● INSTRUCTIONS FOR THE TASK: Write the entries below out again exactly; any picture in them stays out.

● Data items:
____

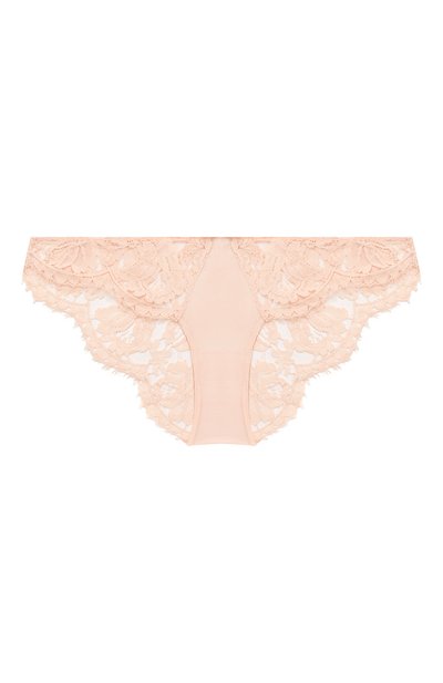 Светло-розовые трусы едва ощущаются на теле. Все дело в полупрозрачном цветочном кружеве Leavers. В состав материала входит эластан, поэтому изделие плотно прилегает к телу, но при этом не стесняет движения. Также за счет них белье не потеряет форму после частых стирок. Для удобства предусмотрели ластовицу из гипоаллергенного хлопка.
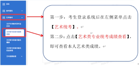 新疆2026年普通高等學校招生音樂類、舞蹈類、表(導)演類(戲劇影視導演方向、戲劇影視表演方向)、播音與主持類、美術與設計類、書法類專業統一考試成績及各科類專業統考合格分數線將于2026年1月26日17時公布。
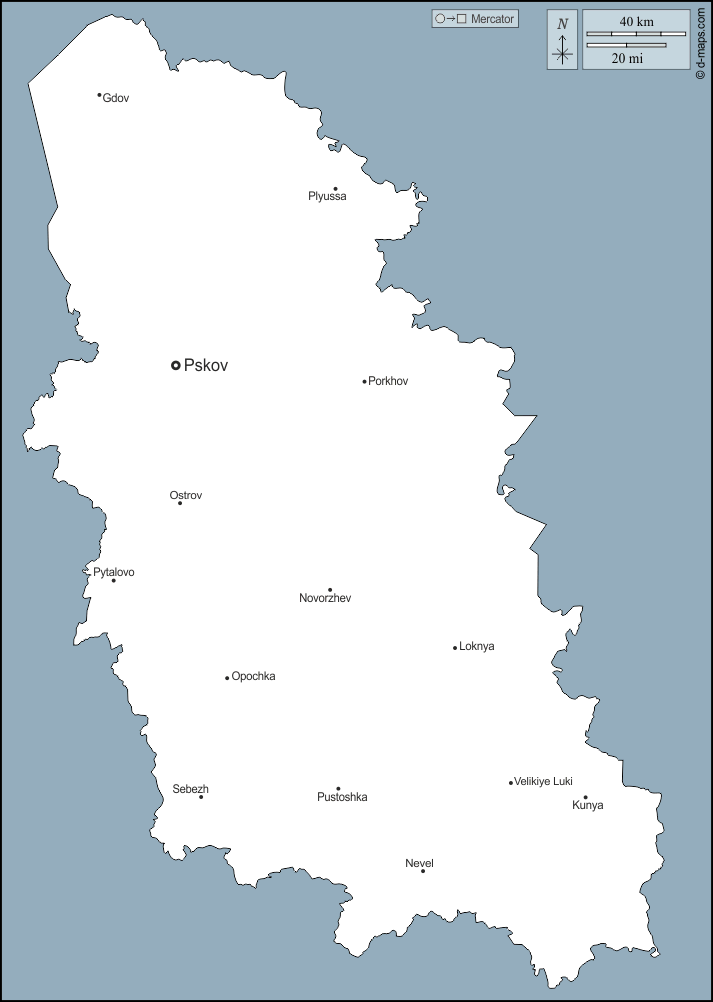 d-maps > यूरोप > रूस > पस्कोव > बाह्यरेखा, मुख्य शहरों, नाम
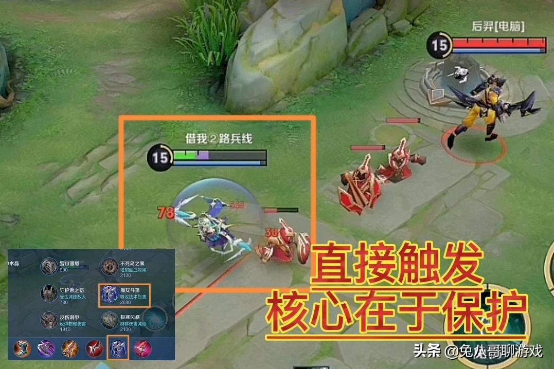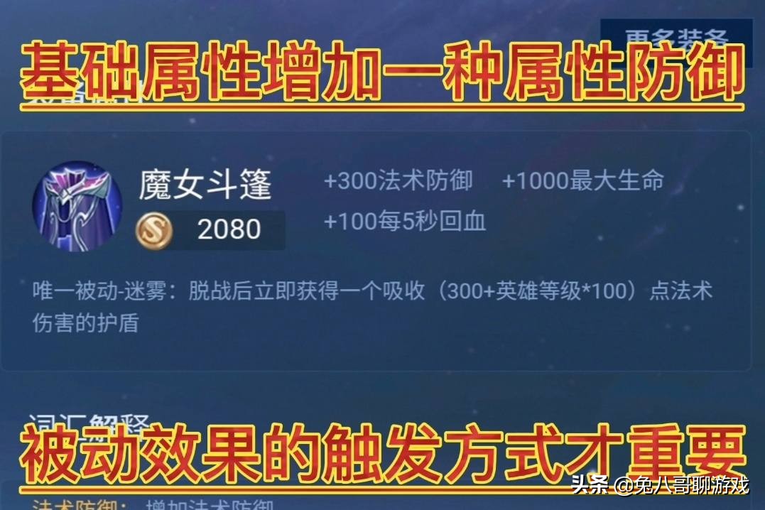 而魔女斗篷这件常用的防御装备就不一样,该装备的防御属性不同,且拥有回血效果,如果以性价比的方式来说这件装备更高。但真正的重要性在于该装备的被动属于一个直接触发的,脱战后立即获得一个吸收(300+英雄等级*100)点法术伤害的护盾。从这一点来说,该装备在自身没有受到攻击时,是一直会存在一个护盾的,而且在队长中,只要承受的伤害没有超过护盾的标准,那么所受到的伤害将会降低。
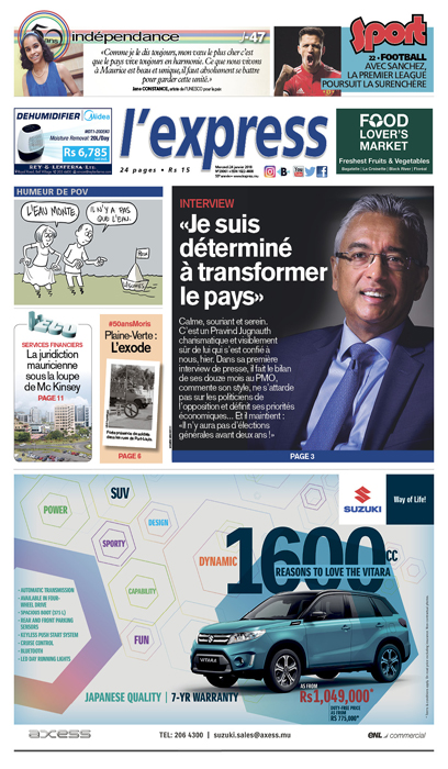 En une : «Je suis déterminé à transformer le pays», dit Pravind Jugnauth. Autres titres : La juridiction mauricienne sous la loupe de Mc Kinsey et L’exode de Plaine-Verte.
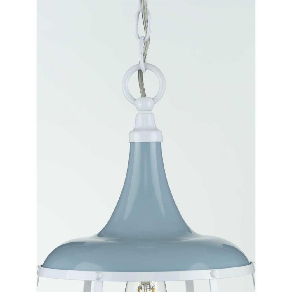 Select A Light Fixture That Is Gushing With Rustic Farmhouse Charm With The Bastille Collection One-Light Coastal Blue Mini-Pendant. A Country Basket Shade Is Coated In A Gloss White Finish. A Metal Covering Coated In A Seaside-Inspired Coastal Blue Finish Contrasts With The Gloss White Shade As It Holds The Light Source In Place.

____

● SOLUTION TO THIS PROBLEM:
 Светло-розовые трусы едва ощущаются на теле. Все дело в полупрозрачном цветочном кружеве Leavers. В состав материала входит эластан, поэтому изделие плотно прилегает к телу, но при этом не стесняет движения. Также за счет них белье не потеряет форму после частых стирок. Для удобства предусмотрели ластовицу из гипоаллергенного хлопка.
 新疆2026年普通高等學校招生音樂類、舞蹈類、表(導)演類(戲劇影視導演方向、戲劇影視表演方向)、播音與主持類、美術與設計類、書法類專業統一考試成績及各科類專業統考合格分數線將于2026年1月26日17時公布。
 d-maps > यूरोप > रूस > पस्कोव > बाह्यरेखा, मुख्य शहरों, नाम
 而魔女斗篷这件常用的防御装备就不一样,该装备的防御属性不同,且拥有回血效果,如果以性价比的方式来说这件装备更高。但真正的重要性在于该装备的被动属于一个直接触发的,脱战后立即获得一个吸收(300+英雄等级*100)点法术伤害的护盾。从这一点来说,该装备在自身没有受到攻击时,是一直会存在一个护盾的,而且在队长中,只要承受的伤害没有超过护盾的标准,那么所受到的伤害将会降低。
 En une : «Je suis déterminé à transformer le pays», dit Pravind Jugnauth. Autres titres : La juridiction mauricienne sous la loupe de Mc Kinsey et L’exode de Plaine-Verte.
 Select A Light Fixture That Is Gushing With Rustic Farmhouse Charm With The Bastille Collection One-Light Coastal Blue Mini-Pendant. A Country Basket Shade Is Coated In A Gloss White Finish. A Metal Covering Coated In A Seaside-Inspired Coastal Blue Finish Contrasts With The Gloss White Shade As It Holds The Light Source In Place.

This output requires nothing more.